Конструкция vs реконструкция
«Казнь» начинается с того, что следователю Исе Давыдову в день повышения по службе докладывают об убийстве. Почерк преступника напоминает маньяка, поимкой которого Давыдов занимался с 1978-го по 1991 год. Жертва выжила, опергруппа по горячим следам ловит преступника. Фильм состоит из допроса, на котором Иса выбивает из Валиты (так зовут подозреваемого, в котором без труда угадывается образ Чикатило) признание. Допрос идет в 1991-м, за несколько дней или месяцев до распада СССР, о ходе расследования рассказывают флешбэки. Время действия, разумеется, выбрано не случайно: «Казнь» — это хронологический конструктор, где с течением экранного времени зрителю выдаются все новые и новые подробности дела, а белые цифры, обозначающие время действия той или иной сцены, пляшут в диапазоне от 1978-го до 1991-го и обратно, так что разобраться, что за чем происходило, довольно-таки трудно.

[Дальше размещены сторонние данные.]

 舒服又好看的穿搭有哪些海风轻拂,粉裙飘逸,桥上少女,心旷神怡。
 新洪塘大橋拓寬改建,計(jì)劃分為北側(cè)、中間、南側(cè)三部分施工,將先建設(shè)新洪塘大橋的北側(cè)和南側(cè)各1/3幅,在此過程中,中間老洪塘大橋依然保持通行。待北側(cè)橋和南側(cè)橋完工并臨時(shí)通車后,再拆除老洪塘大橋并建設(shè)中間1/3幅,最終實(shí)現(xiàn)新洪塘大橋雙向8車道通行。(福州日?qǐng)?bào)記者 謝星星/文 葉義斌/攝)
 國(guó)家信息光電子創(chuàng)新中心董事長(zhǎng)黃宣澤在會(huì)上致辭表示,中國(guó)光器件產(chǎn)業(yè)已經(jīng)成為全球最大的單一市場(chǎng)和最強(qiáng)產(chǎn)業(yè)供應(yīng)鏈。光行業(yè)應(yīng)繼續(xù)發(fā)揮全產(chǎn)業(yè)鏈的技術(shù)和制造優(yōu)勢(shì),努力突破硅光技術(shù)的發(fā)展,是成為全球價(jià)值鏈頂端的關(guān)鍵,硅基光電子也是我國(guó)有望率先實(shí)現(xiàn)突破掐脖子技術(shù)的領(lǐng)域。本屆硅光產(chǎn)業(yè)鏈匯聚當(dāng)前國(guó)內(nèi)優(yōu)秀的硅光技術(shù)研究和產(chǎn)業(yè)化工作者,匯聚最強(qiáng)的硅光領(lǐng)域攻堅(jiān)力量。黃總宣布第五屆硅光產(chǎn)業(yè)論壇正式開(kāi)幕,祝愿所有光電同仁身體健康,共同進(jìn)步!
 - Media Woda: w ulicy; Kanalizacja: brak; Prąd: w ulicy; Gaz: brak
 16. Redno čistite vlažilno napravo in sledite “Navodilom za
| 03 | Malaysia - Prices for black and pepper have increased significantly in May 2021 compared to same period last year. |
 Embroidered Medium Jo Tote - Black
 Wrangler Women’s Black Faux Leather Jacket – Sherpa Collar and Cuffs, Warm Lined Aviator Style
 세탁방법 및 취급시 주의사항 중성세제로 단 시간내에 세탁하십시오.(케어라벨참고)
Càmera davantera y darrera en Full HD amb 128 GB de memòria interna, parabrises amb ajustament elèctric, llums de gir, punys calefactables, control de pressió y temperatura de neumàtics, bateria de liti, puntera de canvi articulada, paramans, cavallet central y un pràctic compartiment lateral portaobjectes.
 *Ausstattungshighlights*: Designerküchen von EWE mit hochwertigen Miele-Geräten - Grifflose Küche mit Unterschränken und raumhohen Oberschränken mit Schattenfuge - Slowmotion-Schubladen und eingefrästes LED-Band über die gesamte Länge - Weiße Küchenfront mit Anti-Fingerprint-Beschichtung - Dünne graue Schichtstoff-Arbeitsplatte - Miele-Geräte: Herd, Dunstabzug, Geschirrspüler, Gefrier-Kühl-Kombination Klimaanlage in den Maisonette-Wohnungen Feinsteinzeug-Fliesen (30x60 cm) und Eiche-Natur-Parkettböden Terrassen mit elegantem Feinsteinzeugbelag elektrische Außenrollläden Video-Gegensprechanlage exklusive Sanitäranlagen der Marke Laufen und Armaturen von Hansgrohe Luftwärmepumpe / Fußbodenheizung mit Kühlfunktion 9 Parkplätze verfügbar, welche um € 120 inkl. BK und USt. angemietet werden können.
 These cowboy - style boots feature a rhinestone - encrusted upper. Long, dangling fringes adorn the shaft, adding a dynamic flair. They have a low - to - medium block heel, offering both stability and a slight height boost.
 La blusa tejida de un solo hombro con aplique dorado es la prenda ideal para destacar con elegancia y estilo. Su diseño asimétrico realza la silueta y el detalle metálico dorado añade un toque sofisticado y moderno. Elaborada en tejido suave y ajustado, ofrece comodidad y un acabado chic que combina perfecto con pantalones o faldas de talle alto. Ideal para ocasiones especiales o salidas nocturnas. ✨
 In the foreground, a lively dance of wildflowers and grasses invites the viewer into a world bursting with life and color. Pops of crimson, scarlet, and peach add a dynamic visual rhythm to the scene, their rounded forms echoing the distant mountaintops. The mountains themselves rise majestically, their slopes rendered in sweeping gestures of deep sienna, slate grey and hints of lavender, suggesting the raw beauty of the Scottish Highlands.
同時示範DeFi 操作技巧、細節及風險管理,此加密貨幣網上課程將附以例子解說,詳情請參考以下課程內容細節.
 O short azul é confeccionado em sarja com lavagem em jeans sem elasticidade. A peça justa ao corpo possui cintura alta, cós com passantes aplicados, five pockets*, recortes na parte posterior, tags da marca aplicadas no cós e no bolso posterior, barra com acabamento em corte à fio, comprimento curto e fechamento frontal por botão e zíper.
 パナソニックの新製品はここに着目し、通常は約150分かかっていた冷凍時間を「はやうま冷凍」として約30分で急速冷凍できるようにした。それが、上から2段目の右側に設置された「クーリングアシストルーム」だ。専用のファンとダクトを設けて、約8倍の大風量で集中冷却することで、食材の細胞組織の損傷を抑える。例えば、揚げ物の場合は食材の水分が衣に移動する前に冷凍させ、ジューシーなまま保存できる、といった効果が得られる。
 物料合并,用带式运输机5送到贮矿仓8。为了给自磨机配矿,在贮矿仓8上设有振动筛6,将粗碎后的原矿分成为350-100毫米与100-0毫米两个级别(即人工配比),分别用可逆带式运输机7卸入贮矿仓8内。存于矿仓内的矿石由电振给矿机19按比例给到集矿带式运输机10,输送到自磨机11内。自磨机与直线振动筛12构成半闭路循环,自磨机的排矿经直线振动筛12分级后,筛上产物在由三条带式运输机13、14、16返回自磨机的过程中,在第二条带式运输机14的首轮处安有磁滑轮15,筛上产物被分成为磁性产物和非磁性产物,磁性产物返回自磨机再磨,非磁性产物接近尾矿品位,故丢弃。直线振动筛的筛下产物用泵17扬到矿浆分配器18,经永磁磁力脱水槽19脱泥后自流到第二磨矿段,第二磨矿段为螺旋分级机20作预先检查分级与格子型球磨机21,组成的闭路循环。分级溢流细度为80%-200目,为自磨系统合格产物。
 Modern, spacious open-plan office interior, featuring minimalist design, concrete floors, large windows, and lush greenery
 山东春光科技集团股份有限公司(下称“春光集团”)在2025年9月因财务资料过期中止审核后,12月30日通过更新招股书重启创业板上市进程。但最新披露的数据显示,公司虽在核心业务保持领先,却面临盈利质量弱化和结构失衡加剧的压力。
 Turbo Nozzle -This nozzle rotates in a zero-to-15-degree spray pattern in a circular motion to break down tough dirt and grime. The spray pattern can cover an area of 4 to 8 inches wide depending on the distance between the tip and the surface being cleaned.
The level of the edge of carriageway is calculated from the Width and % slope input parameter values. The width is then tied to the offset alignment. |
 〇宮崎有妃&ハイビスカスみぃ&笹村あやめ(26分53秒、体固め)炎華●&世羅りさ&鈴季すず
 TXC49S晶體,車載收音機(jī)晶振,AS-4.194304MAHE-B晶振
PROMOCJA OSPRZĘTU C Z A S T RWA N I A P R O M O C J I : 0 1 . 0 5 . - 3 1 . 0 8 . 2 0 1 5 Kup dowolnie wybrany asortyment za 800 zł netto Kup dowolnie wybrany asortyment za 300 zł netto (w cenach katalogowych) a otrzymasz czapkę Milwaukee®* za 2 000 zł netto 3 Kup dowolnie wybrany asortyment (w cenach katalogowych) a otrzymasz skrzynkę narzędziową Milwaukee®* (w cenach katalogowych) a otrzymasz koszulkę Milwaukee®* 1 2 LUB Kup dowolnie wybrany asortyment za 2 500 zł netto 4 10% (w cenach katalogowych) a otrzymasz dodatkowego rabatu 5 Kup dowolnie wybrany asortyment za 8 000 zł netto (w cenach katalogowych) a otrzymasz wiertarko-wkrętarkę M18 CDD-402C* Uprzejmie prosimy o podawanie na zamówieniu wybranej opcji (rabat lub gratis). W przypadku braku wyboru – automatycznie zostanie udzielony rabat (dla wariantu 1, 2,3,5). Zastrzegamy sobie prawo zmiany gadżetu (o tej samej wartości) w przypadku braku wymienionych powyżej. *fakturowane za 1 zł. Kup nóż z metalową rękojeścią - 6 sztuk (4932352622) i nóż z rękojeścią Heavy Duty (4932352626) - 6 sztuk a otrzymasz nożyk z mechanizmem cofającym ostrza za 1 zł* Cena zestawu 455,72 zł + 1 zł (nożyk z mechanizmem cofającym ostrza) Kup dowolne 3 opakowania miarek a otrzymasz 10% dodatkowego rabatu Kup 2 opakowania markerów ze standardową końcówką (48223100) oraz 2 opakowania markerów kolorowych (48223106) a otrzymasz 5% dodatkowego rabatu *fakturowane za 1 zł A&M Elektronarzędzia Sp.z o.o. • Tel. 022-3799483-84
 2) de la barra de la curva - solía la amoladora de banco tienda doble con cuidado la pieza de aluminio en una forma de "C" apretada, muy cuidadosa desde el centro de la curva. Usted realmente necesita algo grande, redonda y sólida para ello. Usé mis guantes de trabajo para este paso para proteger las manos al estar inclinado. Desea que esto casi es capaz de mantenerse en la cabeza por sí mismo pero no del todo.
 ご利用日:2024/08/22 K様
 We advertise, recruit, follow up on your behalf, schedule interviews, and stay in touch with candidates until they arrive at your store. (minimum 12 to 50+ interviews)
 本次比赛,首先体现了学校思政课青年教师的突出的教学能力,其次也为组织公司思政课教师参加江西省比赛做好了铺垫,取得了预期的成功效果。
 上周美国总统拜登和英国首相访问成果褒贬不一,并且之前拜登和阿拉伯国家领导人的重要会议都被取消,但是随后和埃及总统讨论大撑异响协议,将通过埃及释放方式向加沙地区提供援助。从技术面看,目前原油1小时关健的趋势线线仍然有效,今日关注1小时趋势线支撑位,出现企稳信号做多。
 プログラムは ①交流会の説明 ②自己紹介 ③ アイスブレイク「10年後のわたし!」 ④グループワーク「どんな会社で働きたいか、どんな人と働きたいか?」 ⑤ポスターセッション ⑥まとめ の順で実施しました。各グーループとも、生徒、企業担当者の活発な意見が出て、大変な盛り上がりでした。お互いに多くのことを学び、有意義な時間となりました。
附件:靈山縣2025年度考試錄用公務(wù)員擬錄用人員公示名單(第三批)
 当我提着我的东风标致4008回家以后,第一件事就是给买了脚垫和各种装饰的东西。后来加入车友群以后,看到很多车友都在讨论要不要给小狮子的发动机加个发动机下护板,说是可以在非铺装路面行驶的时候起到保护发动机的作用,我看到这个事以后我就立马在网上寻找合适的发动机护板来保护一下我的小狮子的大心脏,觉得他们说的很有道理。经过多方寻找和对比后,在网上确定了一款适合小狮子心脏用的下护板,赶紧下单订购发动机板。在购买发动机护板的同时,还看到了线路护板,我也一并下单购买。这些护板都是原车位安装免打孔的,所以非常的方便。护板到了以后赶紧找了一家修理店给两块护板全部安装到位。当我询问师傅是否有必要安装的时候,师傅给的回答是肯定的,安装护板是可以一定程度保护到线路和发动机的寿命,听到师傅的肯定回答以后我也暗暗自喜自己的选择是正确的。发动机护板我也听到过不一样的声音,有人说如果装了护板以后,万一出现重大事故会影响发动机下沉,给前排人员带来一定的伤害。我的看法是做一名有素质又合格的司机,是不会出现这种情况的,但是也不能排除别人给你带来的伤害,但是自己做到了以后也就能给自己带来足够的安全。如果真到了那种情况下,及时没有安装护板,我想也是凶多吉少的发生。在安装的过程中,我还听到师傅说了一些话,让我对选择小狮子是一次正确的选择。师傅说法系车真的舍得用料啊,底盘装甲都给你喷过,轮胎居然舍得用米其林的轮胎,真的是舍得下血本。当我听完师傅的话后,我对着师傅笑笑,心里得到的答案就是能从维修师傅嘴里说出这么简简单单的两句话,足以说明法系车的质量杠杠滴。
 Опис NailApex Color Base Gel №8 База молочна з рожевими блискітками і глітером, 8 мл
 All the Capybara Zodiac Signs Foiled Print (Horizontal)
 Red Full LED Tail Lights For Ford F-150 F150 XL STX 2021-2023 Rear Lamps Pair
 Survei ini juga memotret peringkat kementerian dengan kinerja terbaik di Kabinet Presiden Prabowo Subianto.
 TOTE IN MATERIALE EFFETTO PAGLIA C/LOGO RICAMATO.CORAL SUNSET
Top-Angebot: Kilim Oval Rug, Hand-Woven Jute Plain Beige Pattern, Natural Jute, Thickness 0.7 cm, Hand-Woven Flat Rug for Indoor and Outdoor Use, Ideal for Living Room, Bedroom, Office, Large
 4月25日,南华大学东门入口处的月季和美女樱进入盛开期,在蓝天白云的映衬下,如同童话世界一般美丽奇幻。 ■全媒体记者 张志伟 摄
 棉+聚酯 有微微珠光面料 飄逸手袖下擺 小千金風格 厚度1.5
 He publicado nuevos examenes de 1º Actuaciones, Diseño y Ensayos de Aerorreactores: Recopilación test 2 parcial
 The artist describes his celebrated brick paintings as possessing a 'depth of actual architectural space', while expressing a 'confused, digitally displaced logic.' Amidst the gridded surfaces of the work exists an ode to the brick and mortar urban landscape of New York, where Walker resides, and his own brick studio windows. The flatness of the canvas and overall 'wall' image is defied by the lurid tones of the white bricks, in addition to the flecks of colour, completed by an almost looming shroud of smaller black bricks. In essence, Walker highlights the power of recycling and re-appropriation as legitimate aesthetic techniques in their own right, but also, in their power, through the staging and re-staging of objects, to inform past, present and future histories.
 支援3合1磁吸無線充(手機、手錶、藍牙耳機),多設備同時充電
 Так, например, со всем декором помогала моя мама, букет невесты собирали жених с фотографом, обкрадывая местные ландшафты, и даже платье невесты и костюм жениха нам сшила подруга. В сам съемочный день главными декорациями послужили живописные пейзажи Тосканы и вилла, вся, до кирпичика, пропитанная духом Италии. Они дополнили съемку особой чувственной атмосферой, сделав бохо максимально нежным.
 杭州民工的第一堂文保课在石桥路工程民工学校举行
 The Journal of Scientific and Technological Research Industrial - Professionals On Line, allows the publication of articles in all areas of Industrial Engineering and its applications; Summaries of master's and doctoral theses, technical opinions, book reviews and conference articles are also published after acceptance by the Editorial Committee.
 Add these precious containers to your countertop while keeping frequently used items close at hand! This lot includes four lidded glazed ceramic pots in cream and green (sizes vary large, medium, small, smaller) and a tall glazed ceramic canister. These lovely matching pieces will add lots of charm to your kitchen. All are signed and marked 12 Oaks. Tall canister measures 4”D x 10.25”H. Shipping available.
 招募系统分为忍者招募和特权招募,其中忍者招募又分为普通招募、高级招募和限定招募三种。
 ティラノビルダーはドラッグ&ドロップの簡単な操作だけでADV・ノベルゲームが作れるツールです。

В интервью режиссер говорит, что запутывал намеренно: ему хотелось чуть ли не в интерактивном режиме подключить зрителя к расследованию, дать найти улики, позволить перебирать подозреваемых, идти по ложным следам.
В основании всей этой довольно сложно устроенной, разветвленной системы фейков лежит ресентимент
Формально хронологическая рамка фильма совпадает не только с реальной хронологией убийств, совершенных настоящим Чикатило, и его разоблачением, но и с последним историческим этапом существования Советского Союза. Это поздний застой, который принято отсчитывать с ввода советских войск в Афганистан в 1979 году, и перестройка, которая закончилась в 1991 году распадом СССР. Где-то в середине фильма действие прыгает в 1986 год: Иса со своим напарником Севастьяновым попадают в психиатрическую лечебницу, где знакомятся с «профайлером» Григорьевой, типичной героиней американских триллеров. Григорьева предлагает попробовать экспериментальный для СССР метод поимки преступника: нарисовать его перспективный портрет по описанию преступлений. Она же знакомит героев с одним из своих подопечных по имени Мирон. Вот как она описывает его заболевание: «Преступники отражают новые реалии, в которых мы живем. Мирон — это выдающийся пациент. У него отсутствует своя личность, и он все время, так сказать, в поиске себя находит жертву, знакомится с ней поближе, и, если жертва ему интересна, он проникается ей и становится ею. Он попал к нам из больницы, где работал в карете „скорой помощи“. Не будучи врачом, он успешно реанимировал людей. Он убил соседа по комнате и забрал его личность. А для укоренения его личности окружил себя его вещами, прочитал учебники по медицине. Его разоблачила сестра покойного: стала бить, сломала Мирону руку, и он от болевого шока вышел из образа. Полгода человек проработал в карете „скорой помощи“ — никто из коллег не заметил подмены. Вот вам наши новые реалии».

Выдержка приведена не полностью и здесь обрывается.